START DATA FOR ANALYSIS

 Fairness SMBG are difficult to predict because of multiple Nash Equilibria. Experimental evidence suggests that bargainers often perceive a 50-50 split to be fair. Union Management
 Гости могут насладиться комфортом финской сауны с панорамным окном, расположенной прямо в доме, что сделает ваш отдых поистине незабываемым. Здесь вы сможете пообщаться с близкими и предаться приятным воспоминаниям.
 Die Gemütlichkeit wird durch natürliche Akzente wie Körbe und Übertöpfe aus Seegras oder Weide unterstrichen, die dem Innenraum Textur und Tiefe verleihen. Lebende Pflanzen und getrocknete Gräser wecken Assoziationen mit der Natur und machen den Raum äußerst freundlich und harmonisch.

END DATA FOR ANALYSIS
START DATA FOR ANALYSIS

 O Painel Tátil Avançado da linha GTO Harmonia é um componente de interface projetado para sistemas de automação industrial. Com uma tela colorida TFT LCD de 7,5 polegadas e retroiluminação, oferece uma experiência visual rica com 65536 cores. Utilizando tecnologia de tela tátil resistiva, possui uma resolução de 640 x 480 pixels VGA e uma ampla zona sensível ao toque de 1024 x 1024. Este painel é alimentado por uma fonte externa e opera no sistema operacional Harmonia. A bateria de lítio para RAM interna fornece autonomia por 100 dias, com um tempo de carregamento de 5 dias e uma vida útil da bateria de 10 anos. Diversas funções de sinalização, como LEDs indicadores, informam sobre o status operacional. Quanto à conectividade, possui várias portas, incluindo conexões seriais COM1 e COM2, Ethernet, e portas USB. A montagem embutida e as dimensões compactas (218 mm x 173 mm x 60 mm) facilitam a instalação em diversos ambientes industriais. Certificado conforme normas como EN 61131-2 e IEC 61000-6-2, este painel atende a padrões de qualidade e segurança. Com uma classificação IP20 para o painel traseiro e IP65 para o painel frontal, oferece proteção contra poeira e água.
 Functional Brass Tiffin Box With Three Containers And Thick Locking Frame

END DATA FOR ANALYSIS

Return only the stretch of the material above from the line holding "Fairness SMBG are" through the line holding "Die Gemütlichkeit wird", copied exactly.

> EXERCISE SOLUTION:
 Fairness SMBG are difficult to predict because of multiple Nash Equilibria. Experimental evidence suggests that bargainers often perceive a 50-50 split to be fair. Union Management
 Гости могут насладиться комфортом финской сауны с панорамным окном, расположенной прямо в доме, что сделает ваш отдых поистине незабываемым. Здесь вы сможете пообщаться с близкими и предаться приятным воспоминаниям.
 Die Gemütlichkeit wird durch natürliche Akzente wie Körbe und Übertöpfe aus Seegras oder Weide unterstrichen, die dem Innenraum Textur und Tiefe verleihen. Lebende Pflanzen und getrocknete Gräser wecken Assoziationen mit der Natur und machen den Raum äußerst freundlich und harmonisch.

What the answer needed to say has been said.